Eilathen glittered high above them both. His voice was a splintering of ice. "And this is the last?"

"This is the last," Ysanne replied.

He did not hear the note of loss in her voice. Sadness was alien to him, not of his world or his being. He smiled at her words and tossed his hair back, the taste, the glide, the long green dive of freedom already running through him.

"Look then!" he cried. "Look you to know-and know your last of Eilathen!" And crossing his arms upon his breast, so that the ring on his finger burned like a heart afire, he began to spin again. But somehow, as Kim watched, his eyes were locked on hers all the time, even as he whirled, so fast that the lake water began to foam beneath him, and his cold, cold eyes and the bright pain of the red ring he wore were all she knew in the world.

And then he was inside her, deeper than any lover had ever gone, more completely, and Kimberly was given the Tapestry.

She saw the shaping of the worlds, Fionavar at first, then all the others-her own in a fleeting glimpse-following it into time. The gods she saw, and knew their names, and she touched but could not hold, for no mortal can, the purpose and the pattern of the Weaver at the Loom.

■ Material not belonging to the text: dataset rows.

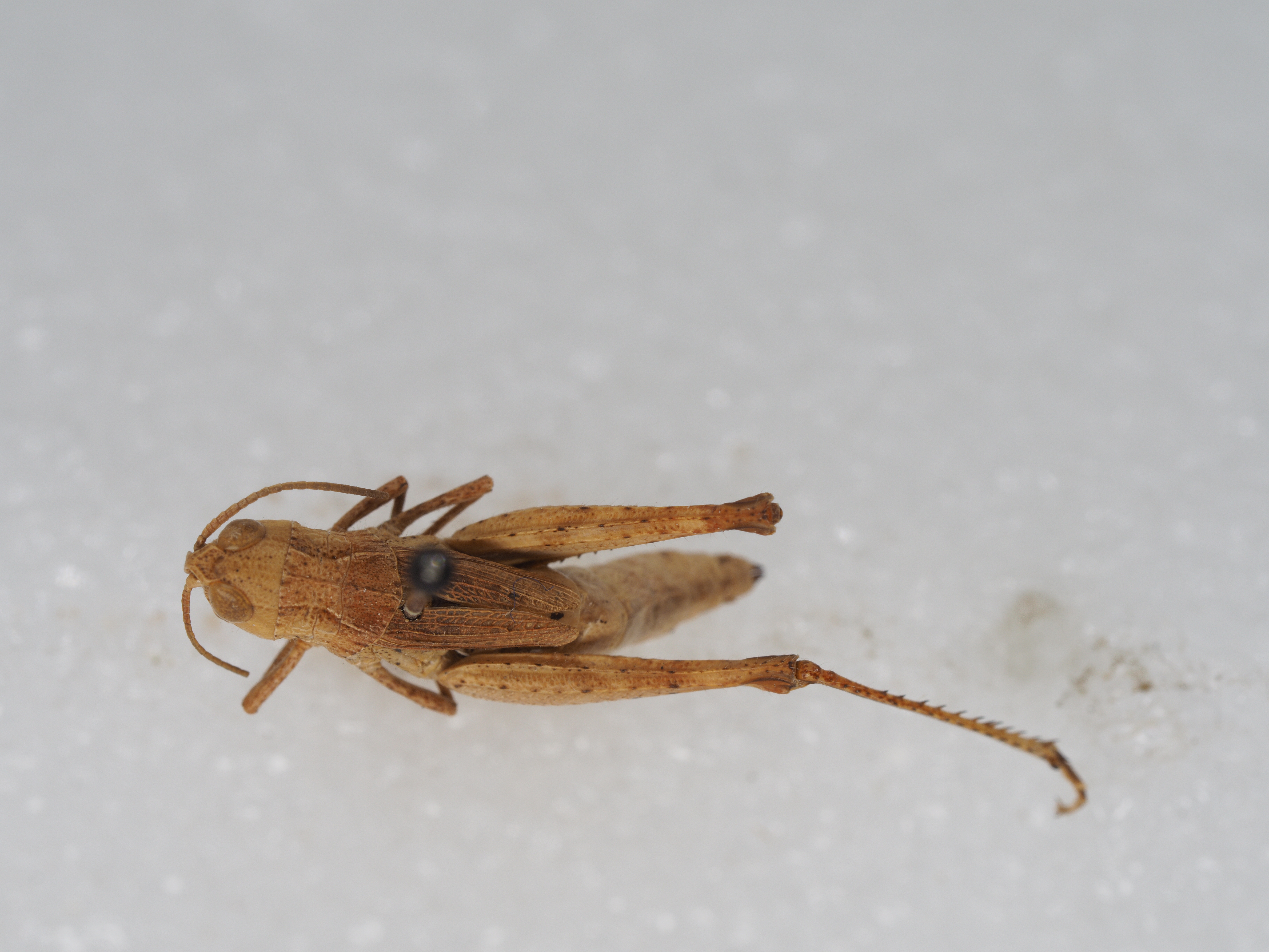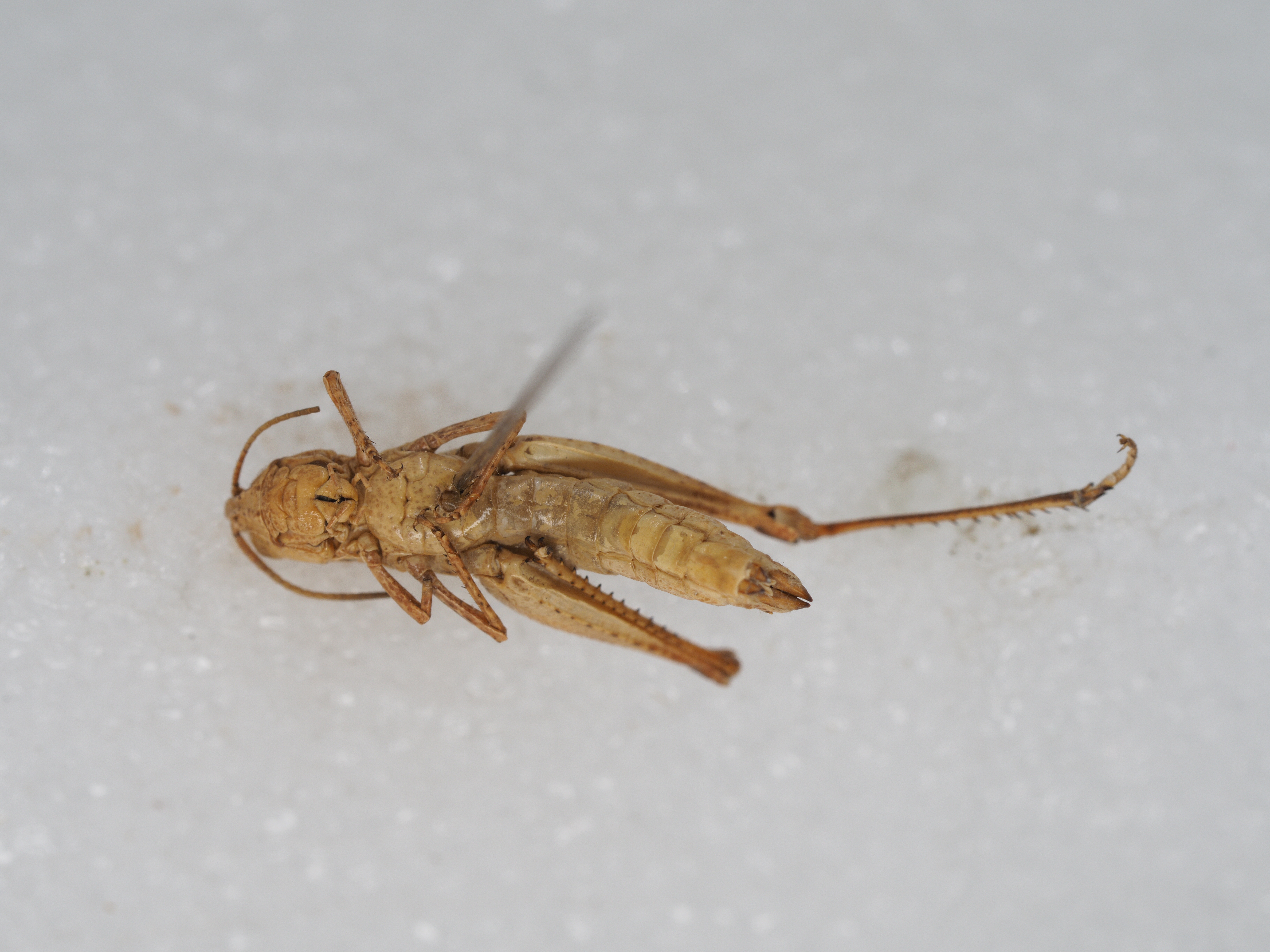 体色 黄褐色。具淡褐色眼后带,向后延伸至腹部侧面;后足股节端部淡褐色,内侧基部具一条短的弧形褐色条纹。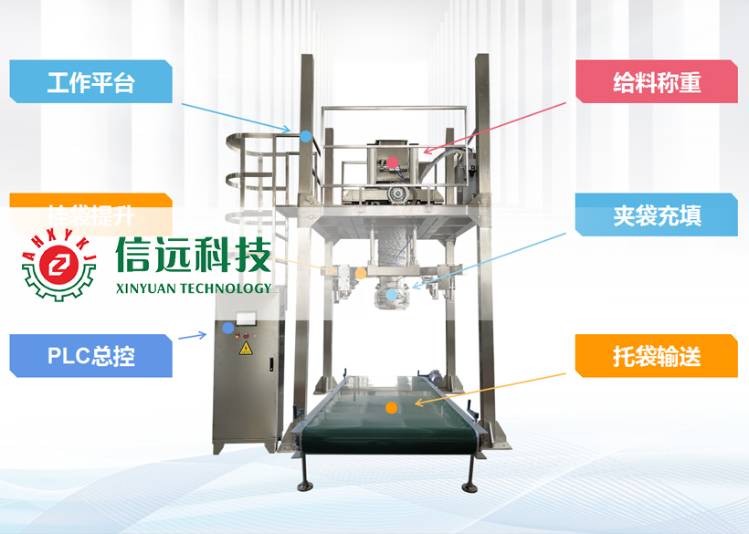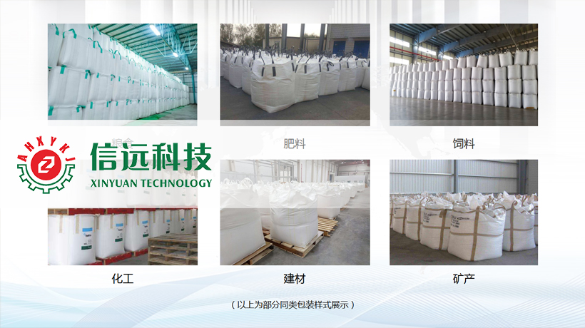 信遠科技全自動噸袋包裝機組,廣泛應用于電力、煤炭、石化、化工、化肥、糧食、飼料、冶金、環(huán)保、建材、塑料、橡膠、染料、新材料等行業(yè)大型軟袋顆粒物料或粉狀物料的自動定量包裝。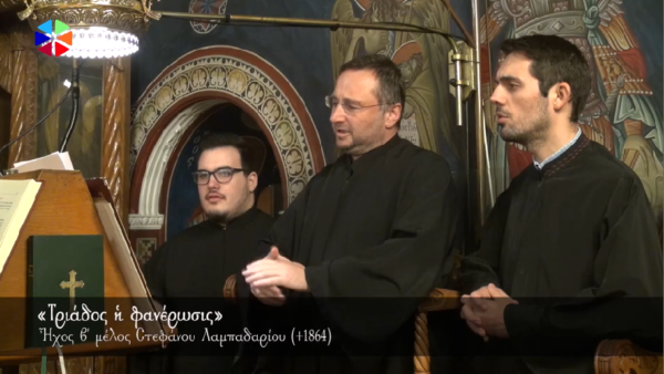Ο Δημήτρης Μανούσης, Πρωτοψάλτης του Ιερού Ναού Παναγίας Λαοδηγήτριας και Χοράρχης του Χορού Ψαλτών «Φιλαθωνίται» ψάλει το Ιδιόμελο των Θεοφανείων «Τριάδος η φανέρωσις» σε μέλος Στεφάνου Λαμπαδαρίου (+1864).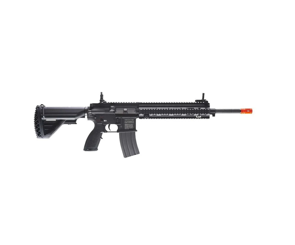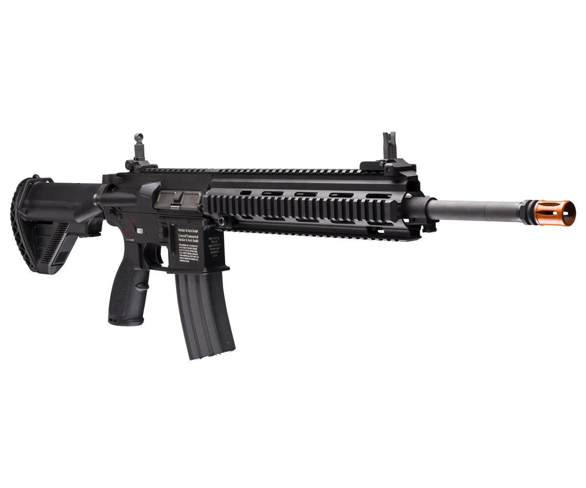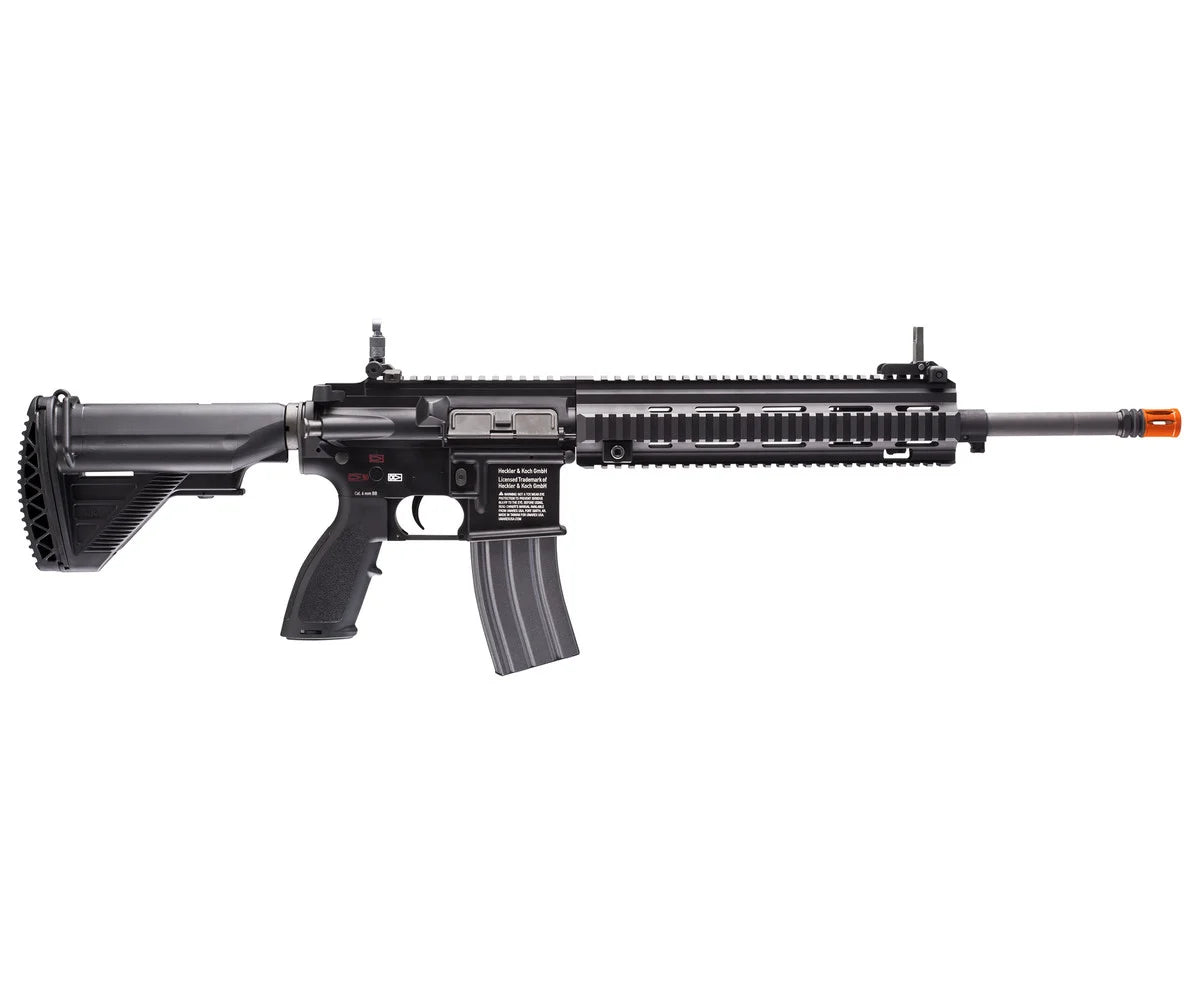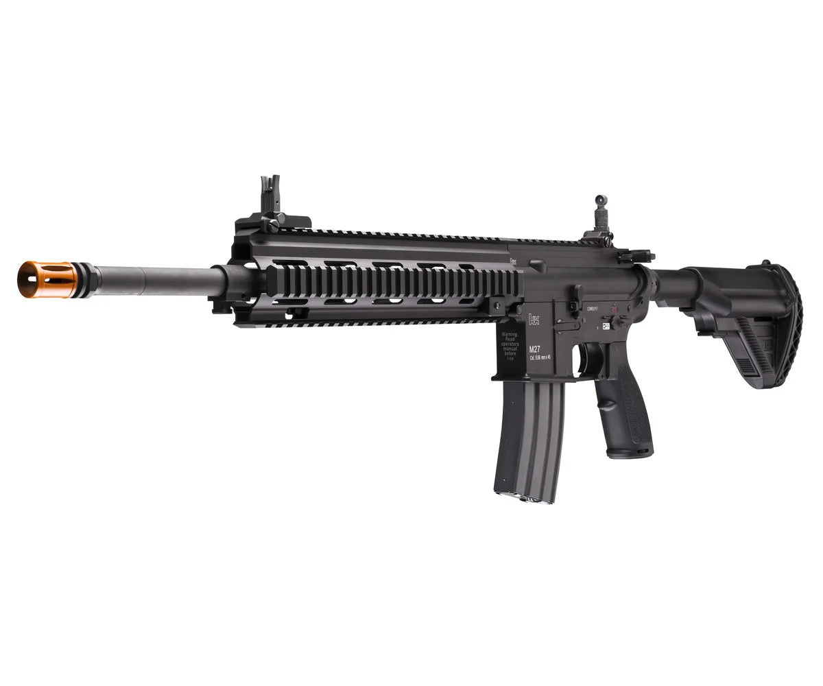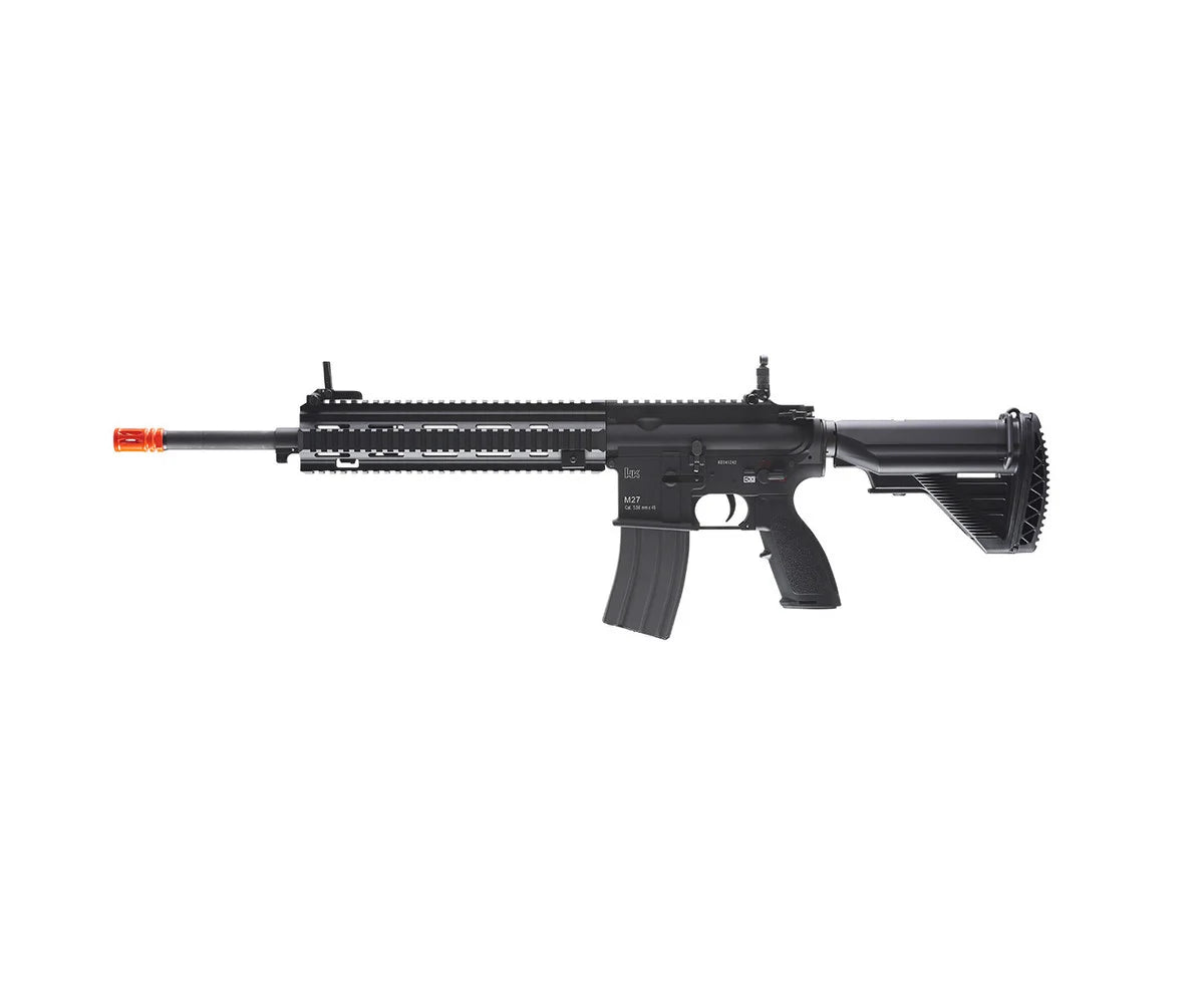 HK M27 IAR M4 AEG made by VFC is a fully licensed Heckler & Koch airsoft fun made by the team at Umarex USA. This new version features an upgraded Avalon ECS gearbox. This is a top-of-the-line and advanced AEG with full metal construction, accepts standard M4/AR15 style airsoft magazines, retractable stock with easy access to the battery compartment, and front and reat flip-up iron sights.

And as she was whirled away from that bright vision, she came abruptly face to face with the oldest

Dark in his stronghold of Starkadh. In his eyes she felt herself shrivel, felt the thread fray on the Loom; she knew evil for what it was. The live coals of his eyes scorched into her, and the talons of his hands seemed to score her flesh, and within her heart she was forced to sound the uttermost depths of his hate, and she knew him for Rakoth the Unraveller, Rakoth Maugrim, whom the gods themselves feared, he who would rend the Tapestry and lay his own malignant shadow on all of time to come. And flinching away from the vastness of his power, she endured an endless passage of despair.

Ysanne, ashen and helpless, heard her cry out then, a cry torn from the ruin of innocence, and the Seer wept by the shore of her lake. But through it all Eilathen spun, faster than hope or despair, colder than night, the stone over his heart blazing as he whirled like an unleashed wind towards the freedom he had lost.

Kimberly, though, was oblivious to time and place, to lake, rock, Seer, spirit, stone, locked like a spell into the images Eilathen's eyes imposed. She saw Iorweth Founder come from oversea, saw him greet the lios alfar by Sennett Strand, and her heart caught at the beauty of the lios in that vision, and of the tall men the God had called to found the High Kingdom. And then she learned why the Kings of Brennin, all the High Kings from Iorweth to Ailell, were named the Children of

Mörnir, for Eilathen showed her the Summer Tree in the Godwood under stars.